One of the most repeated pieces of advice to writers is to write every day. A worthy goal but not always possible. Life tends to get in our way and we have to answer the call to which situation takes priority any given day.
However, writers write even when not at their keyboards tap-tapping away. Let me list just a few of the places writers are thinking about writing:
- in the shower
- checkout line at the grocery store
- in bed
- filling the dishwasher
- riding the commuter train to work
- filling the gas tank
- changing the baby's diaper
- in church during the sermon ( oh yes, it's done quite often)
- walking for exercise
We have story ideas swirling in our heads long before we sit down to write that first draft. Lines of a poem come to us at strange, and often inopportune, moments. A solution to a problem in the plot of a fiction story pops into our heads when we least expect it.
We're writing when we do research for a story or interview someone that we will write about later. We're writing when we jot down notes to be used later.
Even if you don't write something at the keyboard, or with pen and paper, every day, don't fret. I would bet that you're still writing in one of the ways pointed out above. Just don't stay away from the keyboard too many days in a row. Writing every day can become a habit but the reverse is also true.

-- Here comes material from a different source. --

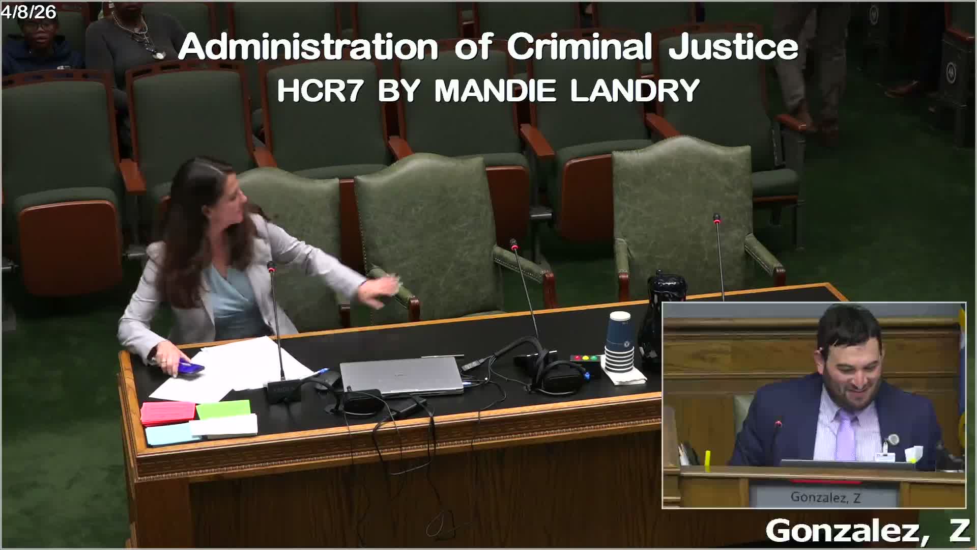 Representative Landry framed the resolution as a request for an in-depth report from the Louisiana Department of Justice to gather basic data on how many juveniles are under electronic monitoring, the duration of monitoring, and outcomes for those youth. "Electronic monitoring is a powerful tool but this technology is only as effective as the adults overseeing it," Carter said, urging lawmakers to "honor Jacob's memory and pass this concurrent resolution." The committee, with no objections, agreed to report HCR 7 favorably.

I call it "writing in my head". After 20 years of honing my Craft, both on and off the page, or "screen", my Husband says he can actually see the wheels in my brain spinning when I'm "in the Zone". The old song, "Backfield in Motion", to this Writer, always has a different connotation. I can have several "programs" running at the same time. The chase begins as soon as I open my eyes, each day. I hope the Thrill will never be gone.